Production Example 3
Instead of the AB 5 type hydrogen storage alloy powder of Production Example 1, a Laves alloy type hydrogen storage alloy powder having a composition of Zr 0.9 Ti 0.1 Ni 1.1 Co 0.1 Mn 0.6 V 0.2 was used, except that this was mixed with nickel powder. A hydrogen storage alloy electrode was produced by the same production method as in Production Example 1. Next, this was subjected to the following chemical conversion treatment to produce a pocket type hydrogen storage alloy electrode of the present invention.
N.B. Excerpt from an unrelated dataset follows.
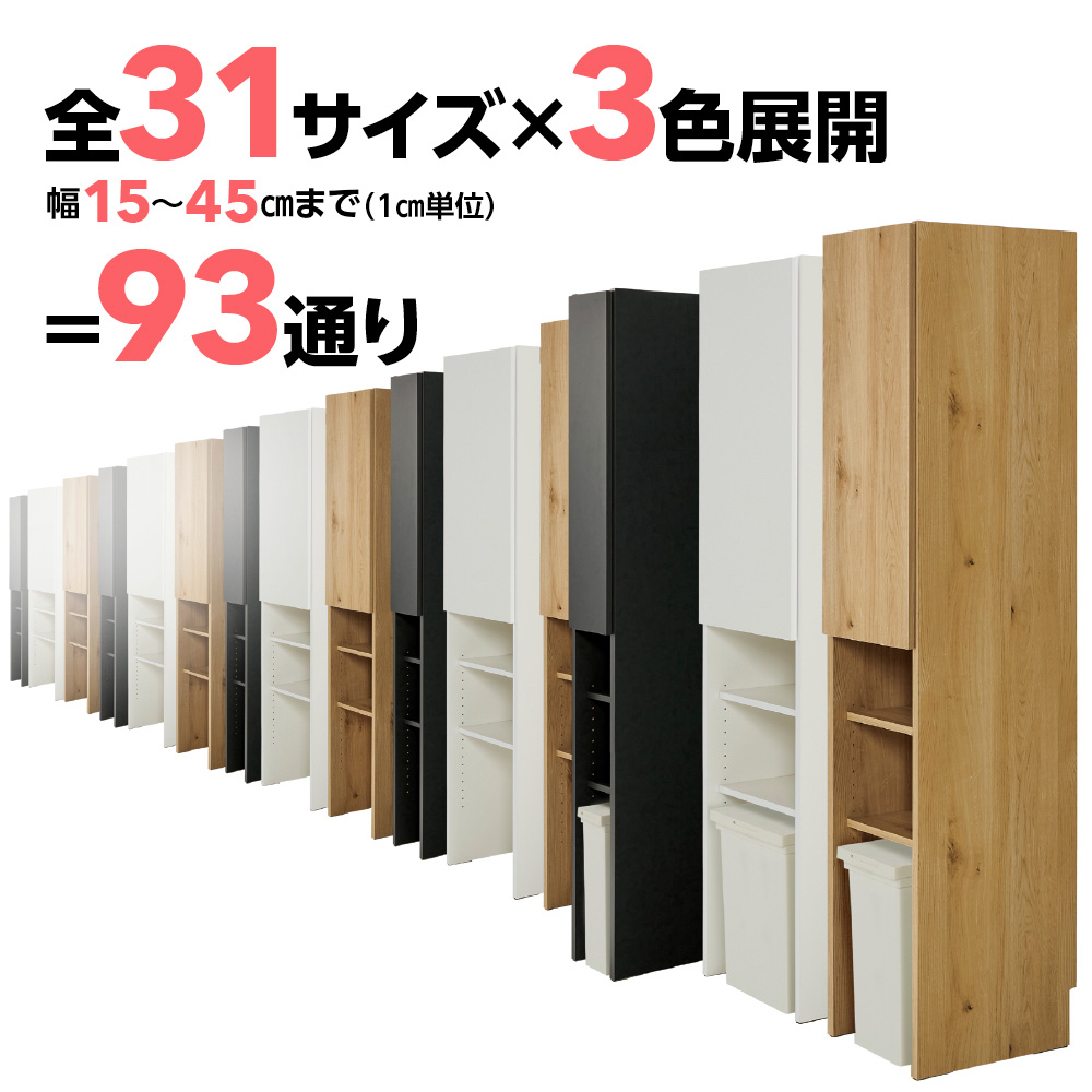 ゴミ箱の上が幅ぴったりの収納庫に幅15cmから45cmまで、1cm単位で選べる全31サイズ。ご自宅のどんな隙間にも、まるでオーダーしたようにぴったり設置できます!

That is, the chemical conversion treatment used a conventional pocket type nickel-cadmium battery manufacturing facility. The pocket type hydrogen storage alloy electrode manufactured above and the counter electrode of the stainless steel plate are stacked through a chemical separator, and are put into an electrolytic solution of a potassium hydroxide aqueous solution having a specific gravity of 1.30 (20 ° C.). The cycle of charging at current density for 4 hours and discharging for 2 hours was repeated 10 times. Then, it washed with water and dried at 80 degreeC in nitrogen gas, and manufactured the pocket type hydrogen storage alloy electrode which was formed. This electrode is referred to as the negative electrode 3.
製造例4
製造例3で用いた混合粉をブリケット成形機でプレス成形する前に、PTFEの5%処理液に含浸した後、窒素ガス雰囲気下80℃で乾燥した以外は、製造例1と同様の製造法で水素吸蔵合金極を製造した。次いで、これを製造例3と同様の化成処理を行い、本発明の水素吸蔵合金極を製造した。この電極を負極4とする。
Production Example 4
The same production method as in Production Example 1, except that the mixed powder used in Production Example 3 was impregnated with a 5% PTFE treatment solution and then dried at 80 ° C. in a nitrogen gas atmosphere before being pressed with a briquetting machine. A hydrogen storage alloy electrode was manufactured. Subsequently, this was subjected to the same chemical conversion treatment as in Production Example 3 to produce the hydrogen storage alloy electrode of the present invention. This electrode is referred to as a negative electrode 4.
比較用に焼結式カドミウム極を次のように製造した。
即ち、INCO社製ニッケル粉#255とメチルセルロース水溶液からスラリーを調製し、鉄−ニッケルのパンチングシートに塗布、乾燥し、分解ガス中で焼成することによって、焼結基板を作製した。次いで、硝酸カドミウムの水溶液に硝酸を加えてpH調整して含浸液を焼結基板に作製し焼結基板に含浸と、水酸化ナトリウム水溶液によるソークとを繰り返して、水酸化カドミウムを充填した。最後に水洗乾燥して焼結式カドミウム極を製造した。この電極を負極5と称する。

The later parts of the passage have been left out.